Capstone 17 — Personal AI Tutor (Adaptive, Multimodal, with Memory)
> Khanmigo (Khan Academy), Duolingo Max, Google LearnLM / Gemini for Education, Quizlet Q-Chat, and Synthesis Tutor all shipped adaptive multimodal tutoring at scale in 2026. The common shape is a Socratic policy (never just dump the answer), a learner model that updates after every interaction (Bayesian knowledge tracing style), voice + text + photo-math input, curriculum graph retrieval, spaced-repetition scheduling, and hard safety filters for age-appropriate content. The capstone is to ship a subject-specific tutor (K-12 algebra or intro Python), run a two-week efficacy study with 10 learners, and pass a content-safety audit.
Type: Capstone
Languages: Python (backend, learner model), TypeScript (web app), SQL (curriculum graph via Postgres + Neo4j)
Prerequisites: Phase 5 (NLP), Phase 6 (speech), Phase 11 (LLM engineering), Phase 12 (multimodal), Phase 14 (agents), Phase 17 (infrastructure), Phase 18 (safety)
Phases exercised: P5 · P6 · P11 · P12 · P14 · P17 · P18
Time: 30 hours
Problem
Adaptive tutoring used to be an ed-tech research niche. By 2026 it is a consumer product. Khanmigo is deployed across most US school districts. Duolingo Max hit tens of millions of MAUs. Google's LearnLM / Gemini for Education powers tutoring in Google Classroom. Quizlet Q-Chat sits alongside flashcards. Synthesis Tutor hit virality with tutor-for-curious-kids. The common elements: multimodal input (type, speak, photograph equations), Socratic pedagogy (ask first, explain later), a learner model that updates after each interaction, and strict age-appropriate safety.

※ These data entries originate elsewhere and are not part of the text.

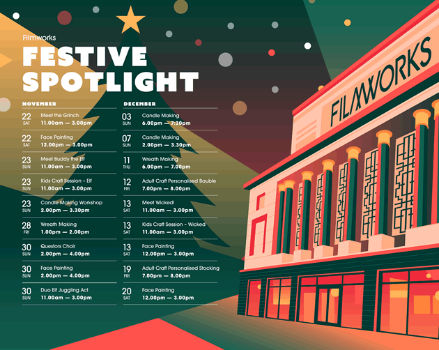 With exciting new openings and a warm festive welcome, Filmworks is here to help the community make the most of the season. Whether you are joining a workshop, visiting the cinema or simply taking in the Christmas buzz, there is something for everyone to enjoy.
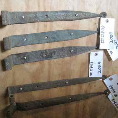 Seven strap hinges/shutter hinges from a group of 24. Most with bean ends.Collection
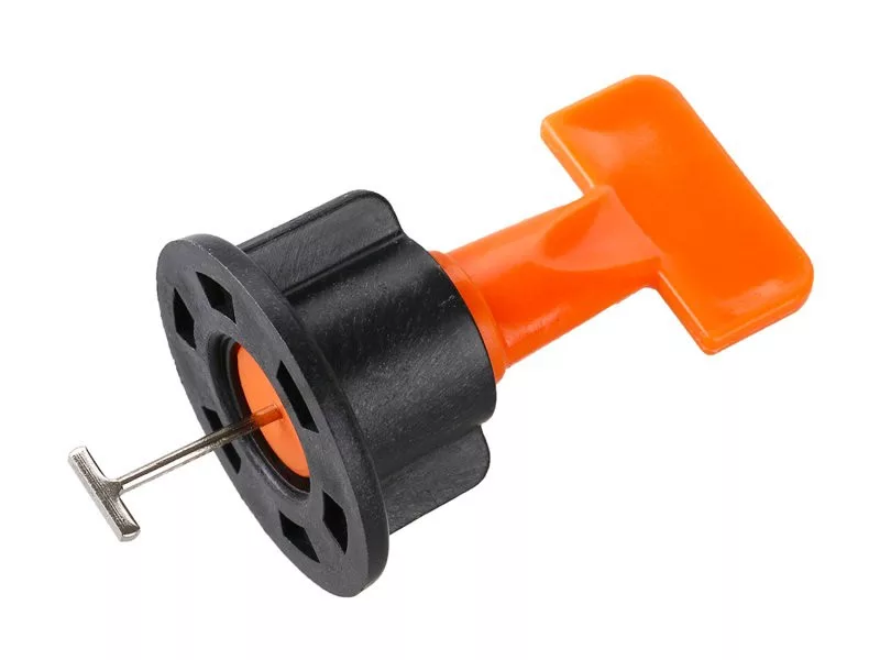 • egyszerű eljárás - szúrja be a "T" jelet a végét a csempe közötti résbe (min. 1,5 mm), majd fordítsa el 90 fokkal és húzza meg megfelelő erővel olyan anyával, amely a felület miatt egymáshoz igazítja a csempéket, lazítsa meg a mellékelt kulccsal.
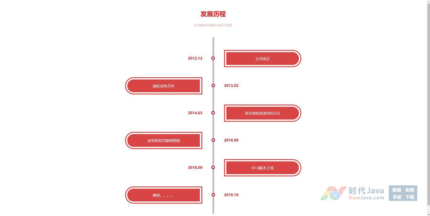div css3红色发展历程历史事件特效,基于jquery跟css3制作的公司成长时间轴代码下载。
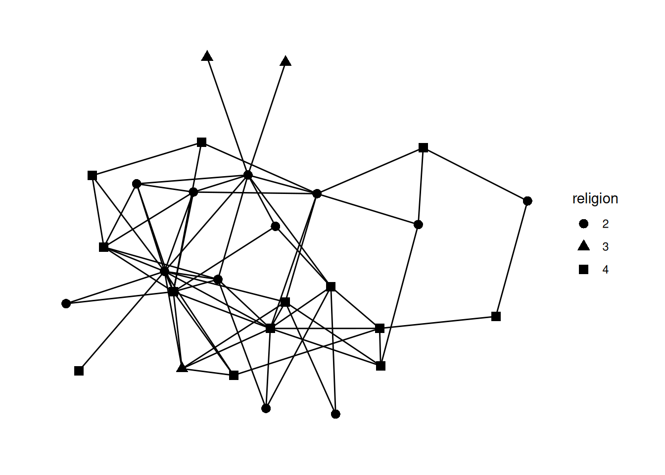 geom_node_point(aes(shape=religion), size = 3)Using "stress" as default layout
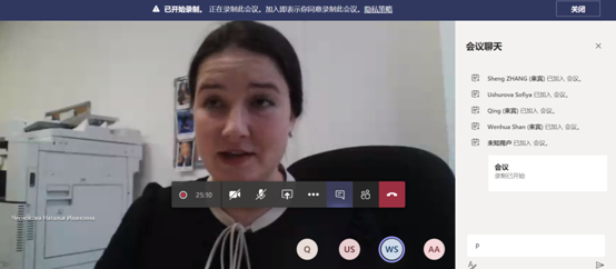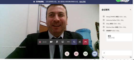 1月13日下午,“新丝路bat365在线唯一官网登录联盟”院校俄罗斯人民友谊大学bat365在线唯一官网登录与西安交通大学bat365在线唯一官网登录举办了线上会议,bat365在线唯一官网登录院长单文华教授,外籍教授Ushurova Sofiya,院长助理张生副教授和外事秘书郭庆参会。俄方院长Sergey Zinkovskiy,国际交流副院长Natalia Chesnokova,外事秘书 Marzhana Abduragimova等人参加会议。
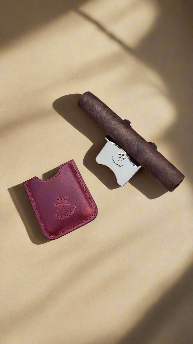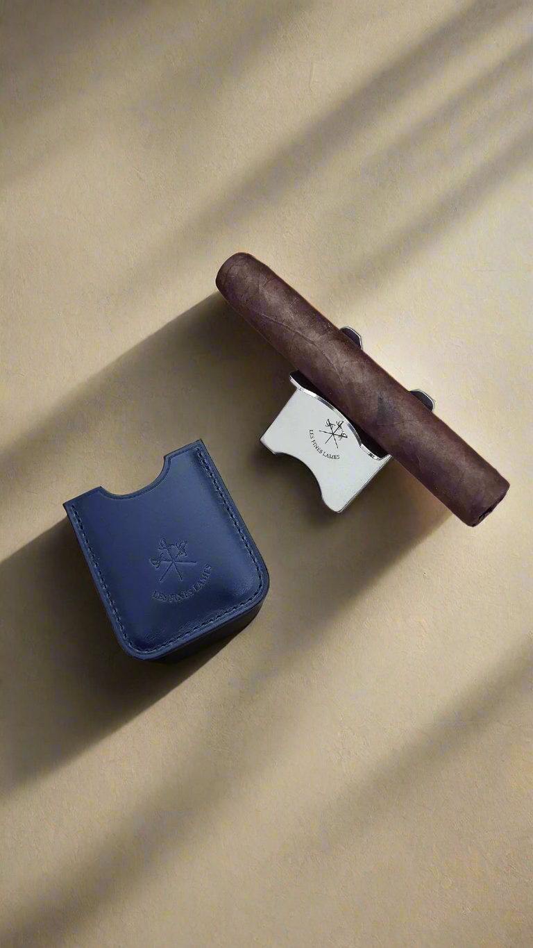 The Le petit cigar holder is made in France from 316L chrome plated stainless steel with a leather carrying case, available in four colours, that slips into any pocket unnoticed.
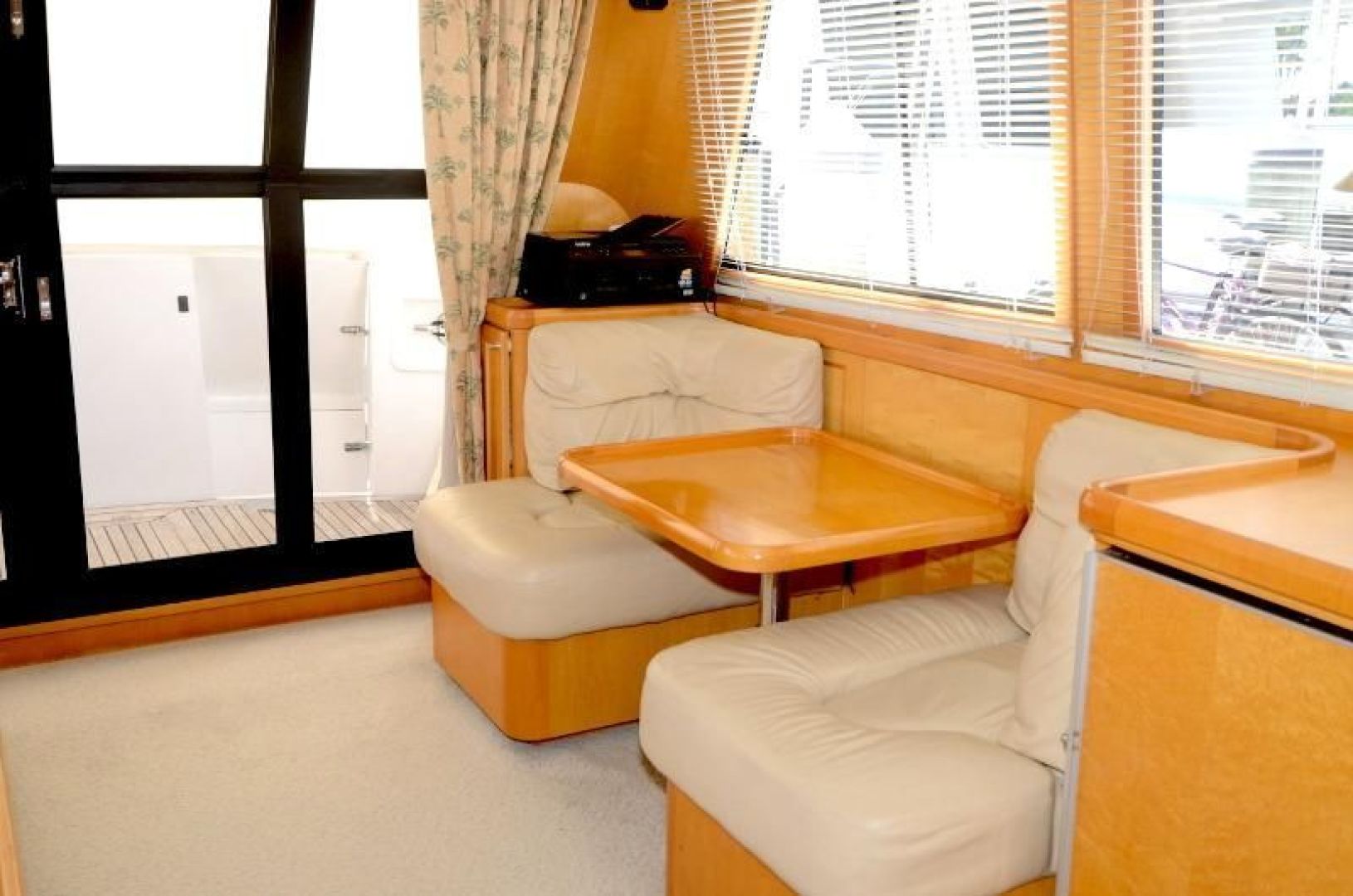 - L-Shaped settee, starboard, with adjustable table, foot stools/seats

You will build one of these for a specific cohort. The measurement bar is an actual efficacy study: pre-test and post-test scores over two weeks with 10 learners. The voice loop must feel natural (capstone 03 sub-stack). The memory must be privacy-respecting. The safety filter must pass COPPA-aware red-team for K-12.
Concept
Four components. Tutor policy is a Socratic loop: when the learner asks for the answer, the policy asks a leading question; when they get it right, it moves to the next concept; when they are stuck, it offers a scaffolded hint. Learner model is Bayesian knowledge tracing (or a simple variant) that updates mastery probability per curriculum node after each interaction. Curriculum graph is a Neo4j of concepts with prerequisite edges; the policy walks the graph to pick the next concept. Memory is an episodic + semantic store (agentmemory-style) holding past interactions, mistakes, and preferences.

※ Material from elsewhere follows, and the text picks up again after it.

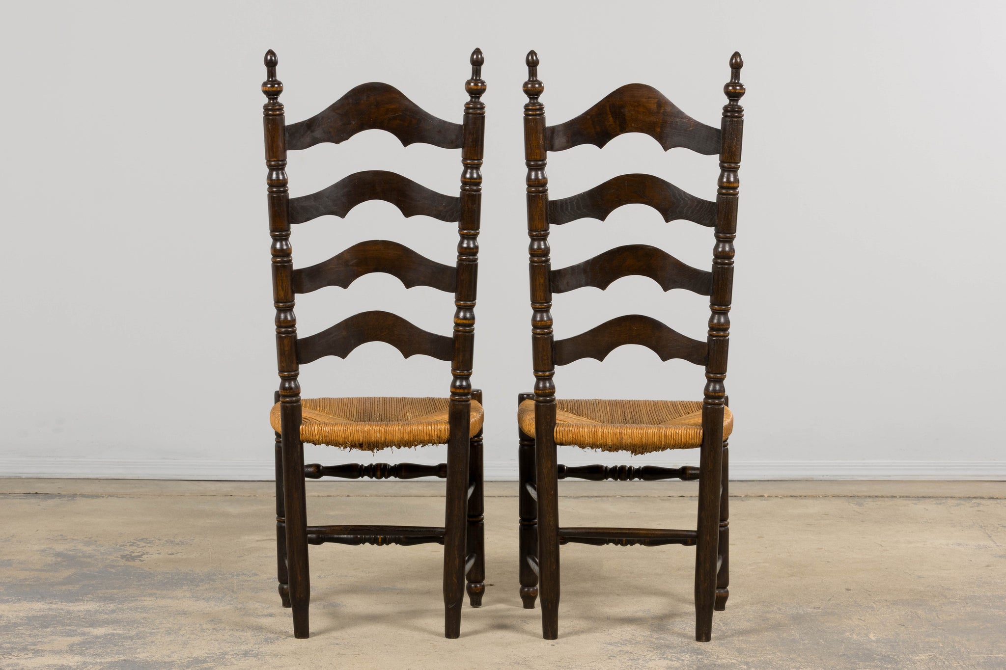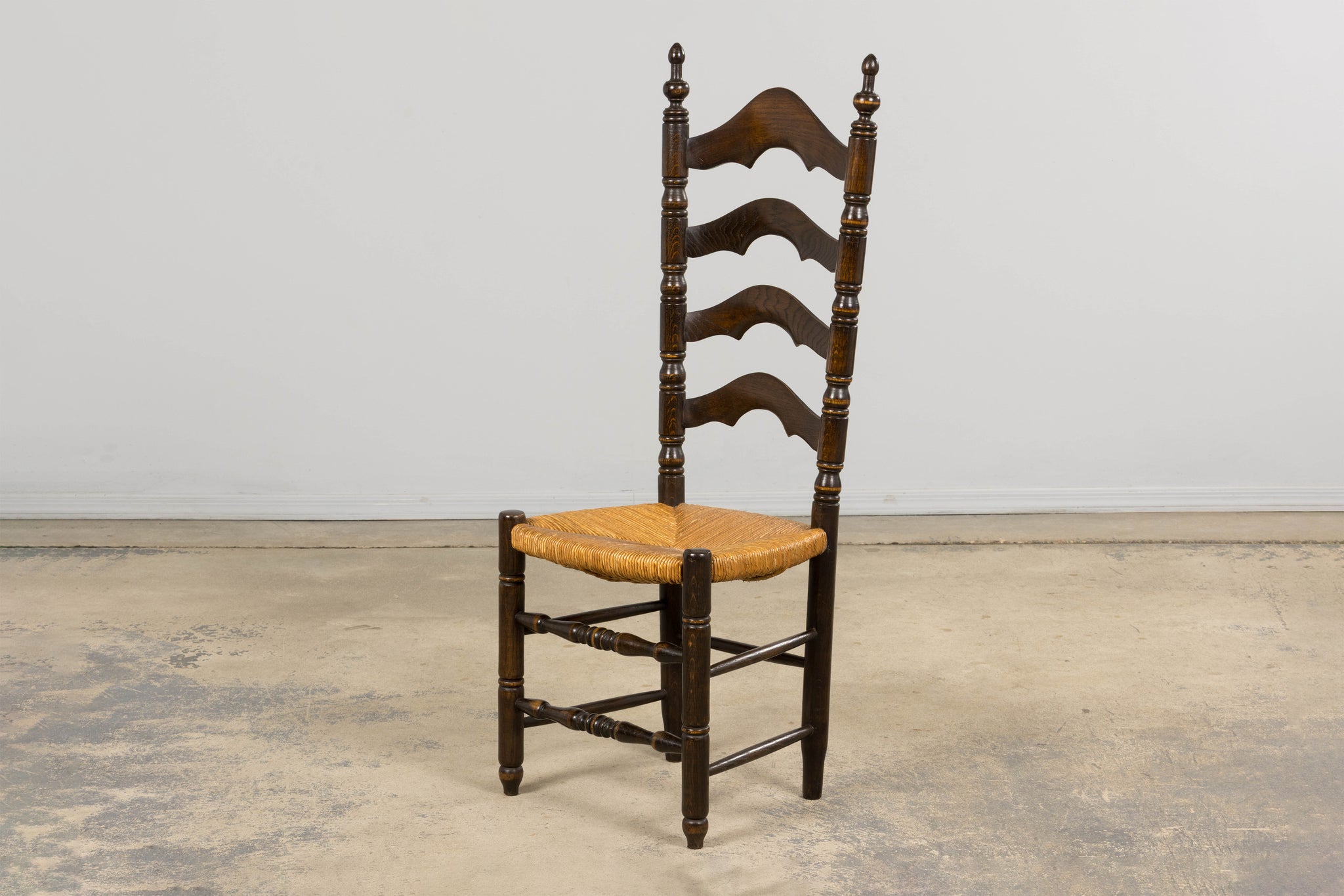 Antique Spanish Country Oak Ladder Back Rush Seat Dining Chairs – Set of 10

The UX is multimodal. Text input for typed answers. Voice input via LiveKit + Whisper (reuse capstone 03). Photo input for math problems via dots.ocr or PaliGemma 2. Voice output via Cartesia Sonic-2. Safety uses Llama Guard 4 plus an age-appropriate filter (blocks adult content, violence, self-harm) and a COPPA-aware memory retention policy.
The efficacy study is the deliverable. 10 learners, pre-test and post-test, two weeks. Report learning gain delta and confidence interval. Compare against a non-adaptive baseline (the same content delivered linearly without the tutor policy).
Architecture
learner device
|
+-- text -> web app
+-- voice -> LiveKit Agents (ASR + TTS)
+-- photo math -> dots.ocr / PaliGemma 2
|
v
tutor policy (LangGraph)
- Socratic decision head
- next-concept chooser (curriculum graph walk)
- hint scaffolder
- mastery update
|
v
learner model (BKT / item-response theory)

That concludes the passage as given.